* Exercise prompt
Return the stretch from the line with "事故发生后,Elizabeth St 出口 ..." through the line with "自動盤以21K金製成,改裝錶" in the data below, character for character, skipping all pictures.

* Excerpted data

* * *

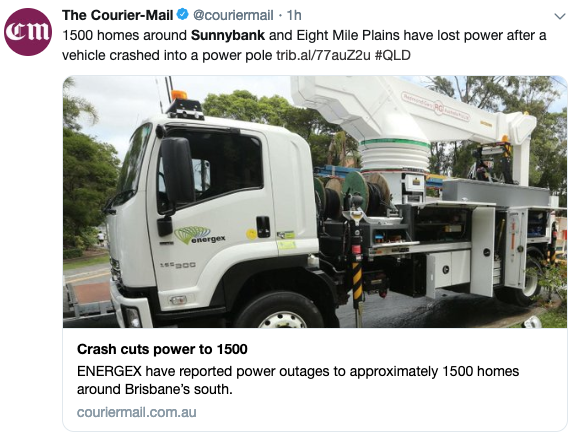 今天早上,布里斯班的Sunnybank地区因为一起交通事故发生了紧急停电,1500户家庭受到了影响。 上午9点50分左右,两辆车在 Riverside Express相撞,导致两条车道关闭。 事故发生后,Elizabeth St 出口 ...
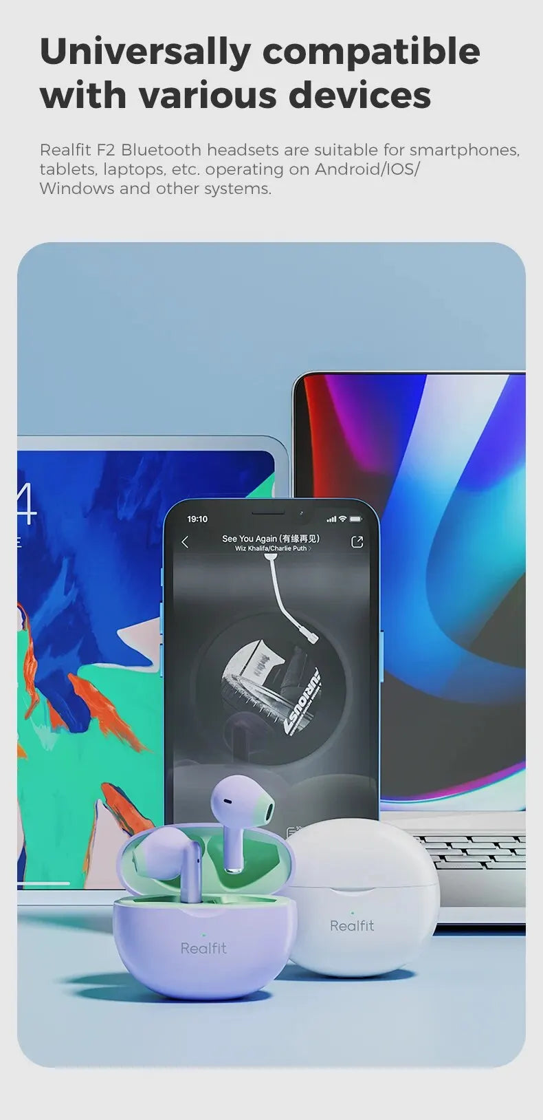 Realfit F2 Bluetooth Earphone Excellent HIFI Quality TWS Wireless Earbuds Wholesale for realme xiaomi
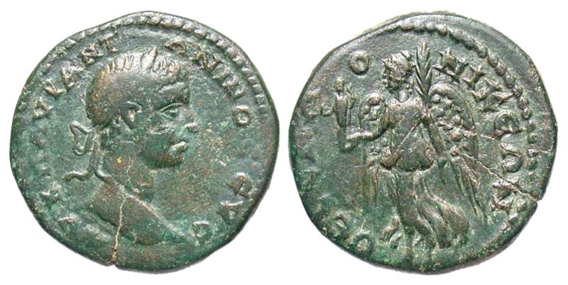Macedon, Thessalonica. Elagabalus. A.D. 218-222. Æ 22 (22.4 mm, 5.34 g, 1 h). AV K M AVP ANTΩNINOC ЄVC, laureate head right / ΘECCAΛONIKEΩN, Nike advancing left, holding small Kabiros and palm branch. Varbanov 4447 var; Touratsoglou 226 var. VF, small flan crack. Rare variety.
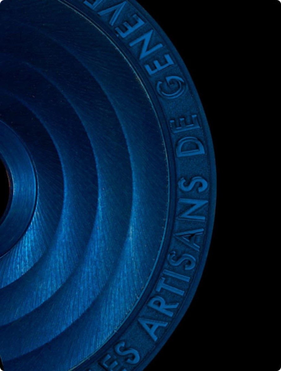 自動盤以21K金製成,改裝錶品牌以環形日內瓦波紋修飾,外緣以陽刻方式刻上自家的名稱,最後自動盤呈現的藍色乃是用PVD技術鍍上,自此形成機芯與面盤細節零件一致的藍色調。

* * *

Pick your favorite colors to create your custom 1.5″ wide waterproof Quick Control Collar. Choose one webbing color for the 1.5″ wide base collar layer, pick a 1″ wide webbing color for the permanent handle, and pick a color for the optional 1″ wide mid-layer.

* * *

* Result of this task
 今天早上,布里斯班的Sunnybank地区因为一起交通事故发生了紧急停电,1500户家庭受到了影响。 上午9点50分左右,两辆车在 Riverside Express相撞,导致两条车道关闭。 事故发生后,Elizabeth St 出口 ...
 Realfit F2 Bluetooth Earphone Excellent HIFI Quality TWS Wireless Earbuds Wholesale for realme xiaomi
Macedon, Thessalonica. Elagabalus. A.D. 218-222. Æ 22 (22.4 mm, 5.34 g, 1 h). AV K M AVP ANTΩNINOC ЄVC, laureate head right / ΘECCAΛONIKEΩN, Nike advancing left, holding small Kabiros and palm branch. Varbanov 4447 var; Touratsoglou 226 var. VF, small flan crack. Rare variety.
 自動盤以21K金製成,改裝錶品牌以環形日內瓦波紋修飾,外緣以陽刻方式刻上自家的名稱,最後自動盤呈現的藍色乃是用PVD技術鍍上,自此形成機芯與面盤細節零件一致的藍色調。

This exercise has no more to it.